Seongmin Ahn
A Circle Is Not a Circle: 2001–2002 / 2025
“When viewed from the right place, even paradox has form.”
Seongmin Ahn, a Korean-born artist based in New York, presents an evolving body of work that explores the structures of perception, presence, and impermanence. In her series A Circle Is Not a Circle, Ahn engages with the dualities at the heart of both Eastern philosophy and quantum theory—fluidity and form, logic and paradox, stillness and movement.
Originally conceived in the early 2000s during a period marked by illness, the works reflect a deeply personal inquiry into reality’s shifting nature. Taking inspiration from Fritjof Capra’s The Tao of Physics, Ahn’s approach mirrors the subatomic world—where matter behaves as both particle and wave—by inviting viewers to engage from multiple perspectives. Her folded mulberry paper and sumi ink installations create spatial illusions that cohere into a perfect circle only when viewed from a precise vantage point. From all other angles, the image dissolves. In this way, the works resist fixed meaning and ask for movement, attention, and presence.

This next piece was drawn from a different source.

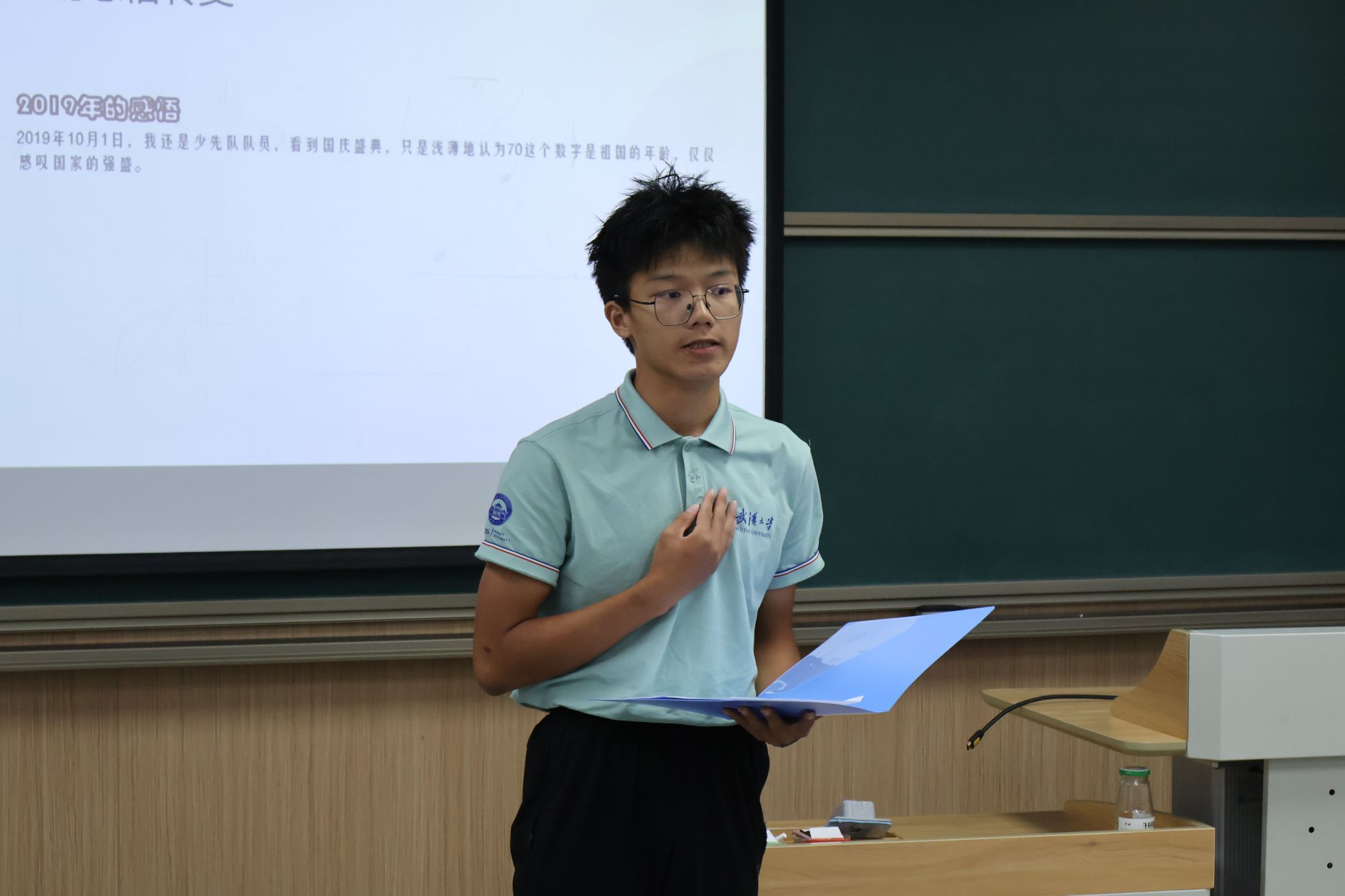 聚焦故土记忆,激活历史共鸣。另有同学以家乡抗战史实为核心,详细讲述“血战台儿庄”中河南籍将士浴血冲锋、“川军出川抗战”的悲壮事迹。这些扎根故土的抗战故事,让历史不再是书本上的文字,而是家乡土地上可感、可忆的鲜活印记。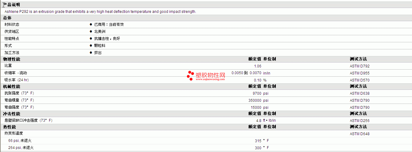 | 抗张强度 (73°F) | 9700 | psi | ASTM D638 |

In 2025, Ahn returns to the series from a different place—physically steadier and more grounded in her practice. This renewed engagement is not a departure but a return, part of the circular logic that defines the work itself. Her process remains unchanged: standing above the canvas, she spins and pours ink in meditative gestures that balance intention with surrender. These new works do not seek to outdo the earlier ones, but to echo and expand them—an ongoing cycle of inquiry through material and space.
Several works in this exhibition take on a monumental scale, cascading across walls and bending onto the floor. These vast black forms—made from ink created through carbonized ash and animal glue—do not assert themselves, but absorb. They overwhelm not with loudness, but with quiet force, offering an atmosphere of stillness and depth. Like a field of darkness vibrating with potential, they suggest a void that is not empty but alive.

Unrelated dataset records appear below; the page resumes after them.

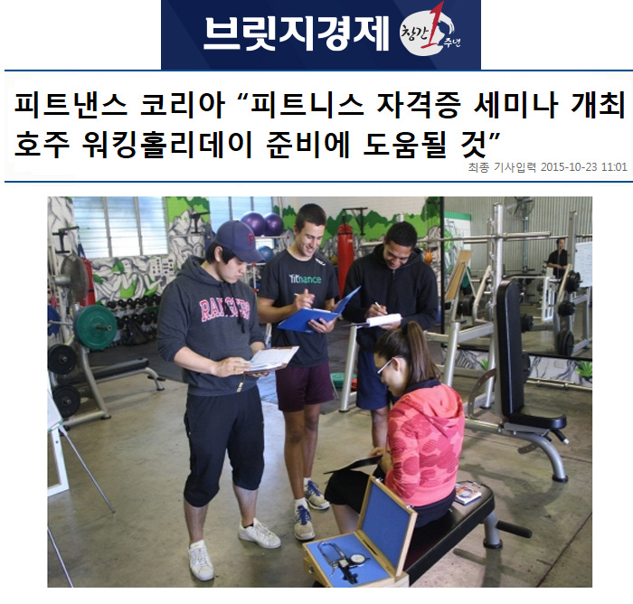 호주 주정부에서 공인한 피트니스 자격증에 대한 세미나가 한국에서 열린다.
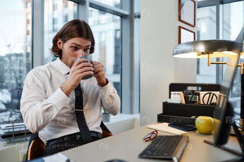 Бизнесмен в рубашке и галстуке пьет чашку кофе в офисе
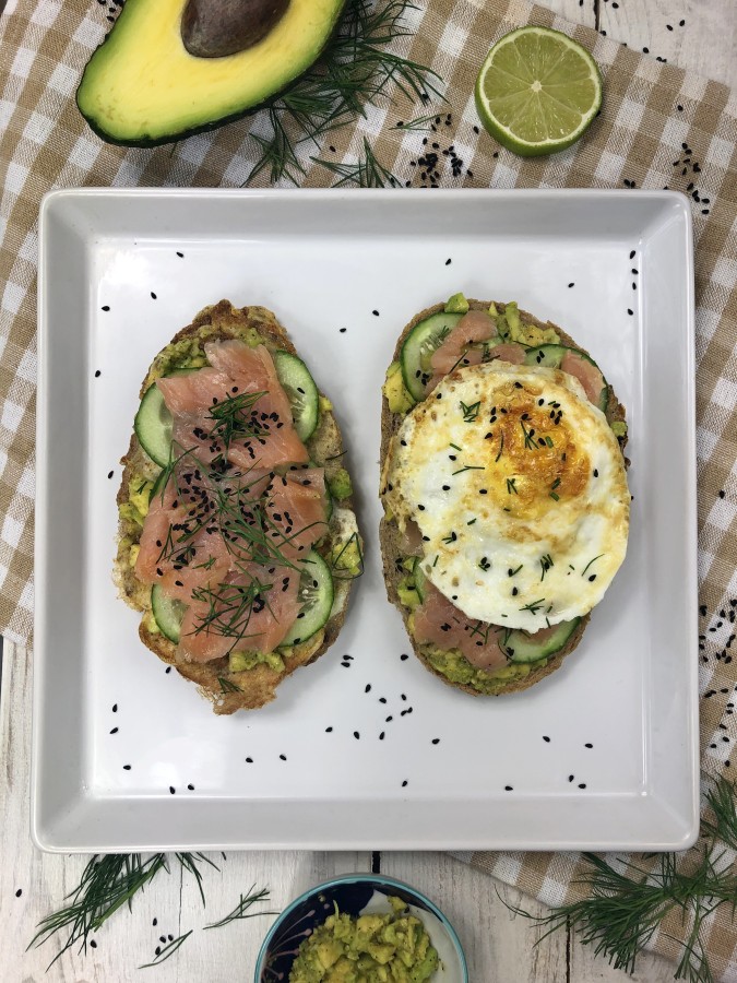 - Підсмажте хліб на грилі, а потім змастіть його у вершковому сирі. Викладіть скибочки авокадо на хліб і приправте перцем і сіллю.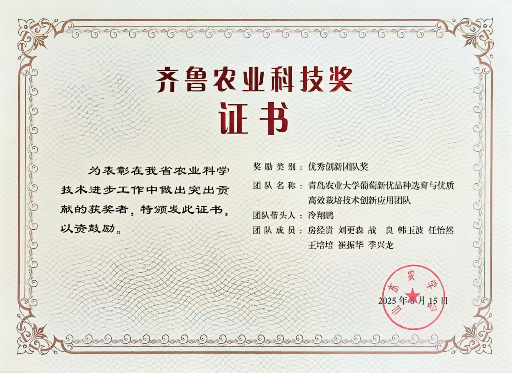 mkmksport葡萄新优品种选育与优质高效栽培技术创新应用团队围绕葡萄产业高质量发展,构建了集重要农艺性状调控机理研究、新品种选育、良种良苗生产、高效栽培技术研发与推广于一体的“研育繁推”葡萄全产业链体系。该团队显著推动了葡萄产业的提质增效与可持续发展,有效提高了农民的经济收入,取得了显著的经济效益、社会效益和生态效益。此次获奖是葡萄科学与工程团队继2023年度山东科技兴农奖优秀项目奖一等奖之后的再次获奖,表明该团队持续为葡萄产业的高效发展贡献着“青农力量”。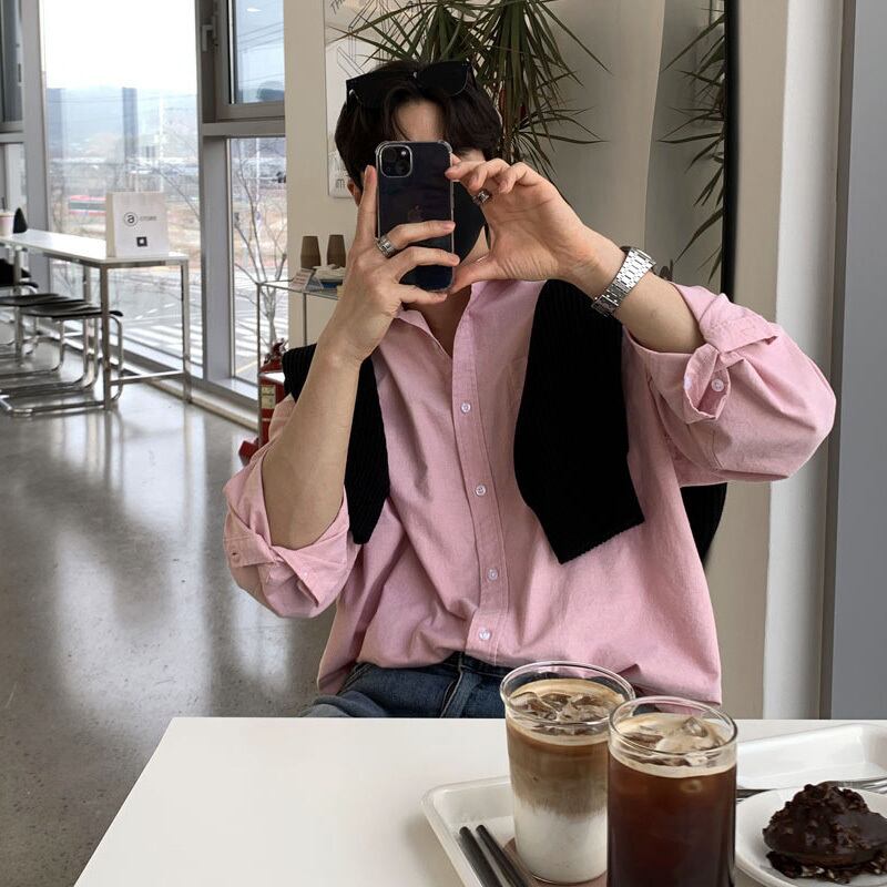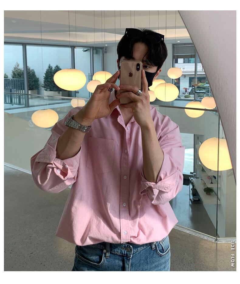 2022年夏の薄手のハイエンド長袖シャツメンズトレンディなブランドルーズ無地シンプルカジュアルシャツコートオールマッチ ロング サマー 夏物 ソリッドカラー BLUU13809576642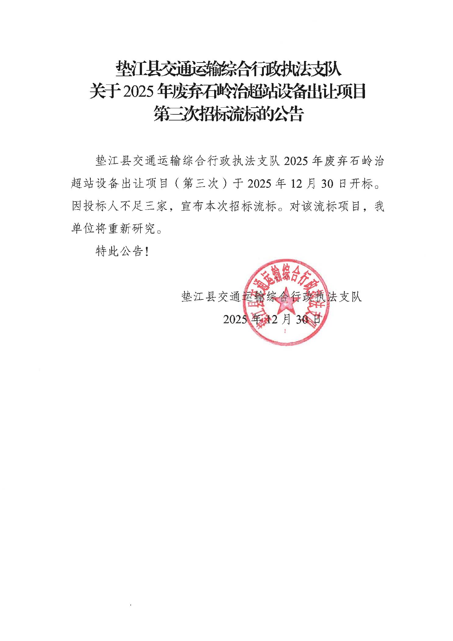 垫江县交通运输综合行政执法支队2025年废弃石岭治超站设备出让项目第三次招标流标的公告

Inspired by the metaphysics of Zen and the paradoxes of modern physics, Ahn’s work explores how meaning shifts depending on where we stand. What may seem fragmented or uncertain can reveal a quiet coherence when approached from the right place—reminding us that perception is not fixed, but always in motion.

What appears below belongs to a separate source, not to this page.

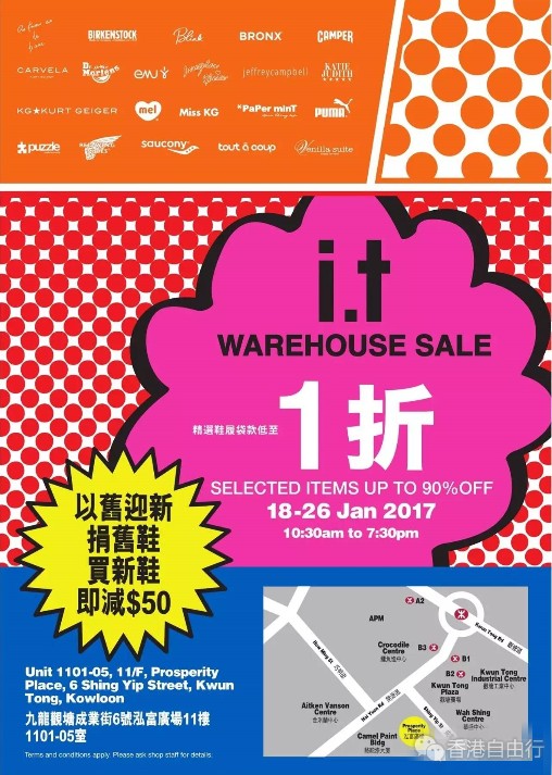 i.t现正于观塘泓富广场举行新春鞋履开仓,反应热烈,现场已增添多款精选鞋履及手袋货品低至1折起,当中参与品牌包括New Balance、Puma、Teva、Red Wing、Vans、Converse、Dr. Martens、Superga、Jeffrey Campbell、emu、mel、CAMPER、KURT GEIGER、as know as de Rue、KATIE JUDITH、PaPer minT、puzzle、tout à coup、Venilla suite等。

Ahn’s practice is rooted in Korean ink painting and informed by her academic background—she holds MFAs from both Seoul National University and the Maryland Institute College of Art. Her work has been shown at institutions including the Brooklyn Museum (2024), National Museum of Modern and Contemporary Art (Seoul), Jordan Schnitzer Museum of Art, Hudson River Museum, and Hello Museum (Seoul), and is held in major collections such as MMCA Korea, Princeton University Art Museum, and Hudson River Museum. She has received awards from the Pollock-Krasner Foundation, CUE Art Foundation, and AHL Foundation, among others. With a practice that bridges tradition, science, and philosophy, Ahn creates not objects, but environments—spaces of awareness where viewers become participants in a living, perceptual field.